- [Source material]
□ □ □ □

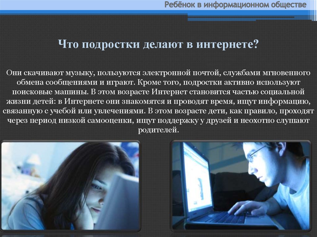 Что подростки делают в интернете?Они скачивают музыку, пользуются электронной почтой, службами мгновенного
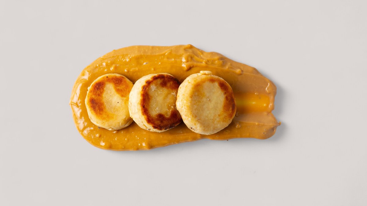 Карамелизированный, слегка с обожженной корочкой и очень нежной начинкой десерт. При подаче поливают молочным шоколадом и посыпают вафельной крошкой.
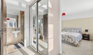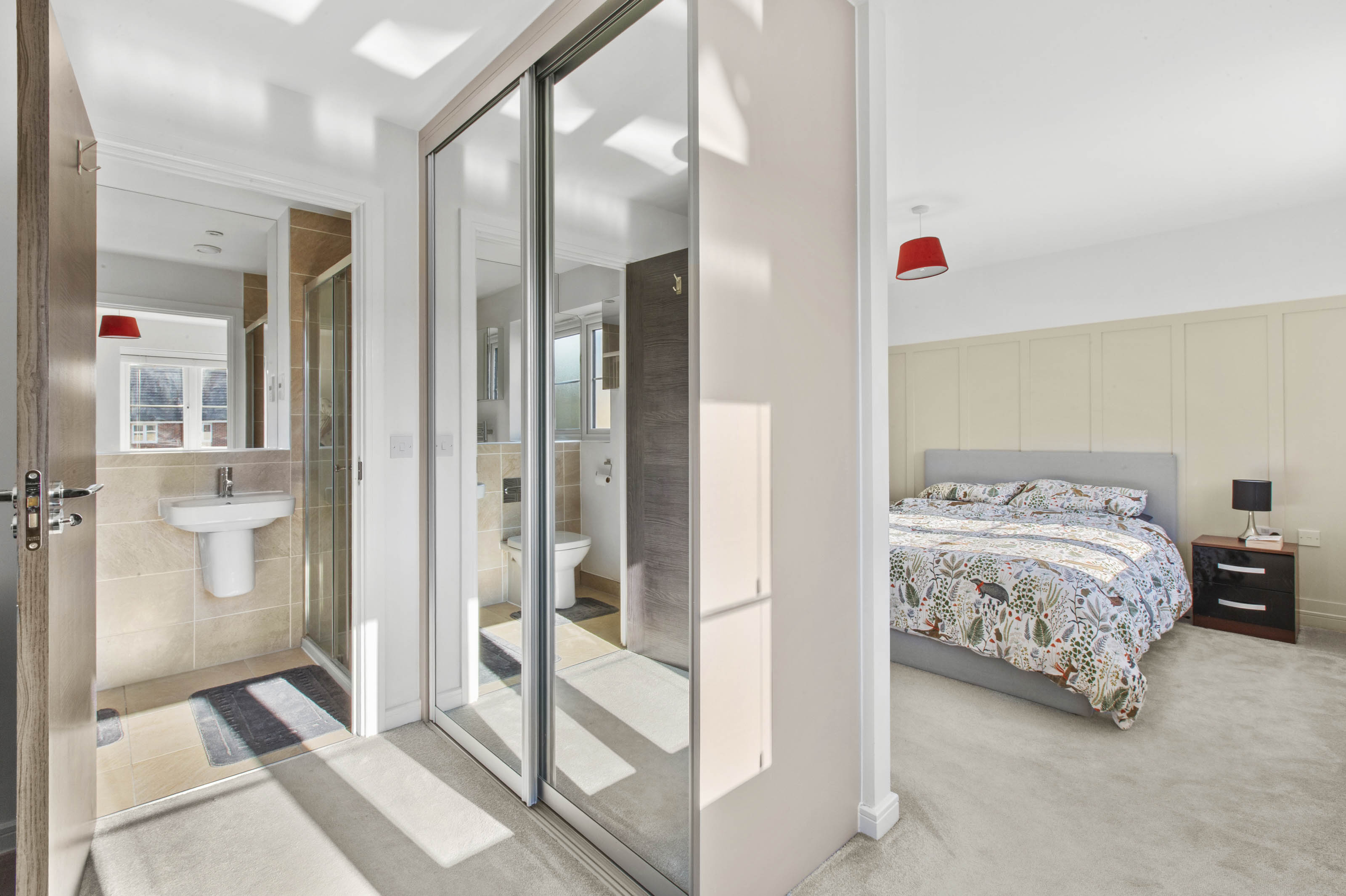Upstairs, the home continues to impress with four generously sized double bedrooms, two of which benefit from well-appointed en suite facilities. The principal bedroom enjoys the added luxury of a dedicated dressing area with fitted wardrobes, while a sleek and modern family bathroom serves the remaining bedrooms.
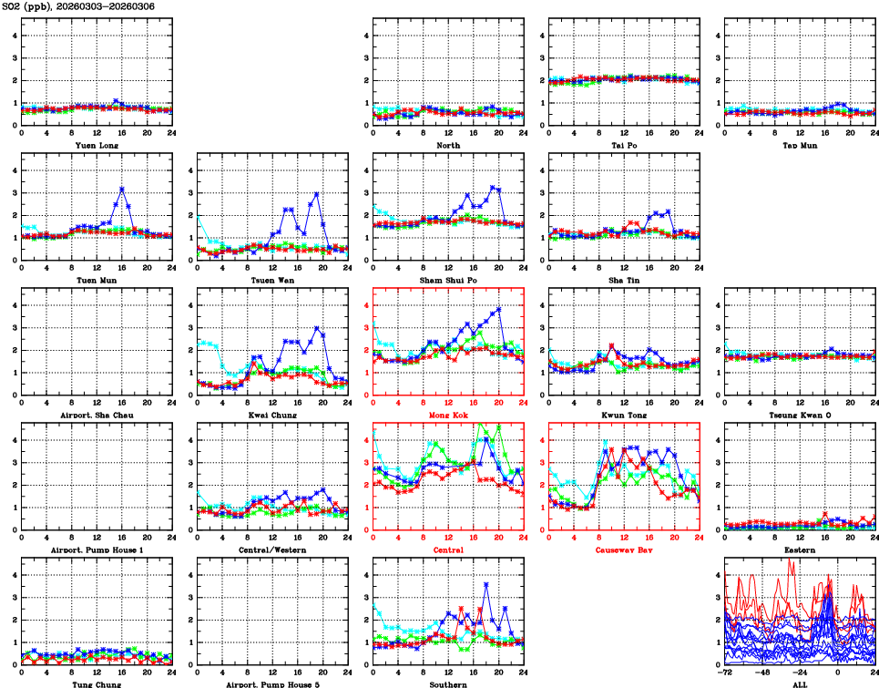 | Air Quality Data Time Series for SO2 (2026/03/06) | ( Line colors: Day -3 Day -2 Day -1 Current day ) | 2D Map Current AQHI |

□ □ □ □

- [Requirement]
Copy out exactly, with no pictures, the lines of the data from the first one through the line bearing "Карамелизированный, слегка с".

- [Answer to this problem]
 Что подростки делают в интернете?Они скачивают музыку, пользуются электронной почтой, службами мгновенного
 Карамелизированный, слегка с обожженной корочкой и очень нежной начинкой десерт. При подаче поливают молочным шоколадом и посыпают вафельной крошкой.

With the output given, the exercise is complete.